Tonight he's talking about his bold plan to keep America great starting with his hometown of Chicago.

And an exclusive interview later with Sean Penn. He's being honored here by the Peace Prize winners for his commitment to human rights. Listen to what he says about that.

(BEGIN VIDEO CLIP)

PENN: I've got a better grasp of the -- of what my mission is in Haiti and so that I'll be able to take the things that I've been affected by there and perhaps they'll fit somehow into the work I do elsewhere.

(END VIDEO CLIP) MORGAN: Our big story tonight. Rahm Emanuel. We're here at Von Steuben High School, one of several Chicago schools where Mayor Emanuel has brought Nobel Peace Prize winners to speak with students. He joins me now for a primetime exclusive.

Mr. Mayor, welcome.

EMANUEL: Thank you.

MORGAN: Or rather, thank you for welcoming me.

EMANUEL: Yes.

MORGAN: Are you aware of the history of this school? Baron Von Steuben?

EMANUEL: Are you aware of the history?

MORGAN: Well, I'm aware that he was George Washington's ruthless chief of staff --

EMANUEL: Right.

(LAUGHTER)

MORGAN: And therefore personally responsible for annihilating a lot of Brits.

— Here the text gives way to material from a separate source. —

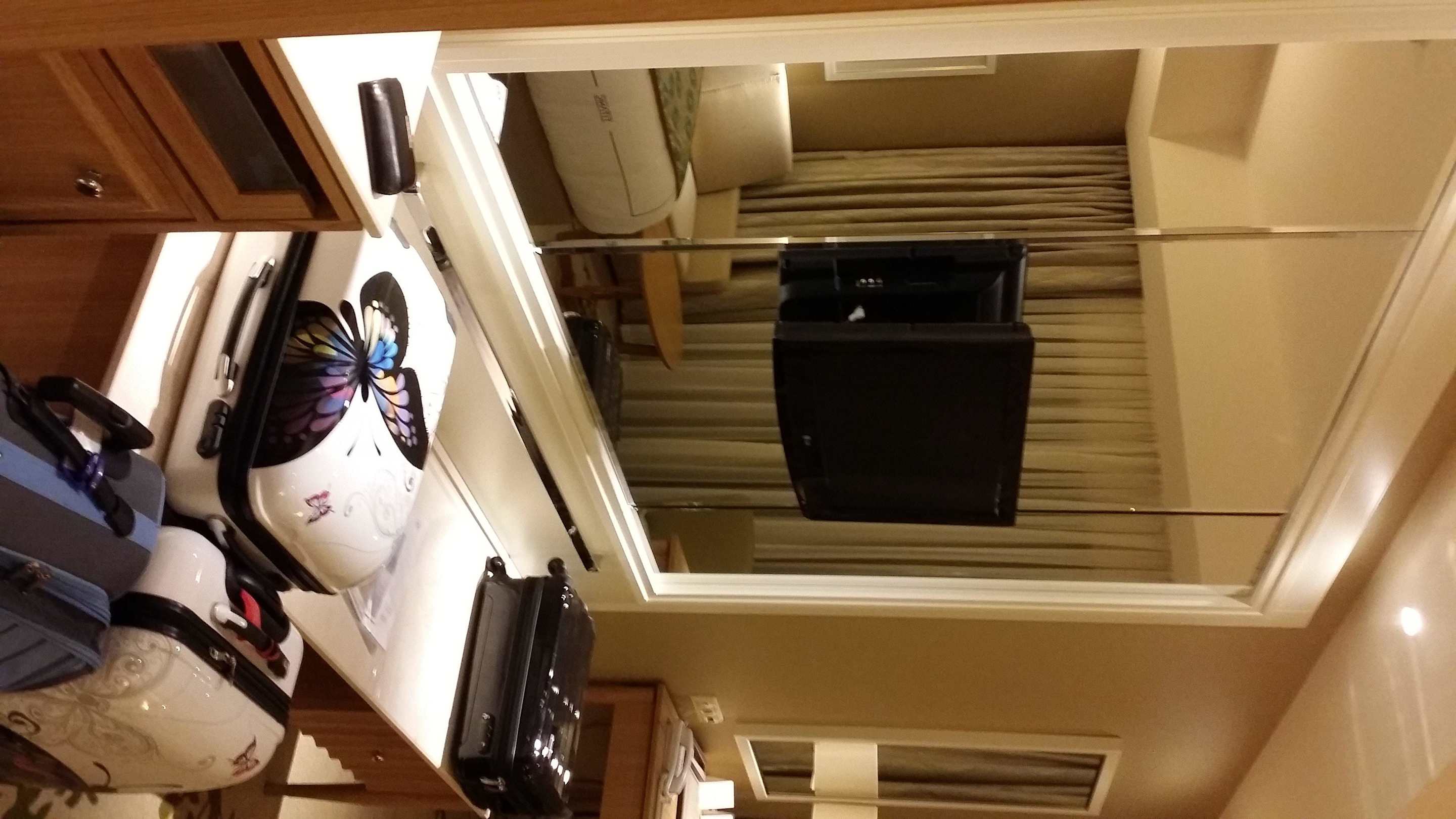 TV im Spiegel und Minibar

EMANUEL: Von Steuben did, actually was in the Army, as you know. He was also on -- I mean Hamilton has a view of whether he was not, in fact, Washington's chief of staff. Obviously the history you're missing is my mother graduated from here.

MORGAN: Really?

EMANUEL: Yes. So there's more than just the history the -- of the name of the school. And if I didn't mention that, it'd be a long year for me.

(LAUGHTER)

MORGAN: You were born in Chicago. You went to school here and, as you've just told me, I didn't realize that.

EMANUEL: Chicago area. Yes.

MORGAN: And your mother went to this particular school. People say that the bedrock of any great nation is education.

EMANUEL: Without a doubt.

MORGAN: Do you agree with that?

EMANUEL: I -- Piers, we wouldn't be doing -- you and I wouldn't be doing this interview if it wasn't for both the love of our parents and the education we received and their focus on education. That's true for any individual. That's also going to be true for families, it's going to be true for cities, it's going to be true for a country.

If you educate your students, you educate your young, and even, in our lifetime now, lifetime education, you have the potential for anything coming at you and anything you want to do in life.

MORGAN: America's falling behind in education, globally. Why is that?

EMANUEL: Well, the fact is that we haven't focused like we need to on our educational system. And I wouldn't so much say America's falling behind as others are catching up, and we haven't taken our -- we've taken our lead for granted. We need to focus on college. We need to focus on our -- on what I call our community colleges to make sure we have an entire workforce trained to the economy, whether that's your MBA program, your law schools, your engineering schools, your four- year institutions and also your technical education.

And I think you have to not look at one or the other, but the entire, I would say, menu of higher education because three quarters of the jobs in the future will require a post-high school, at least minimum two years' college education.

MORGAN: But your big idea, which I like, by the way, is --

EMANUEL: I'll take that as an endorsement.

(LAUGHTER)

MORGAN: It is an endorsement. I'm endorsing this idea. Not all of it, but this idea. You have been very exercised about the fact that in Chicago, in particular, the number of hours that students come to school is simply no where near -- the average is 51/2 hours. You want to push that to 71/2 hours.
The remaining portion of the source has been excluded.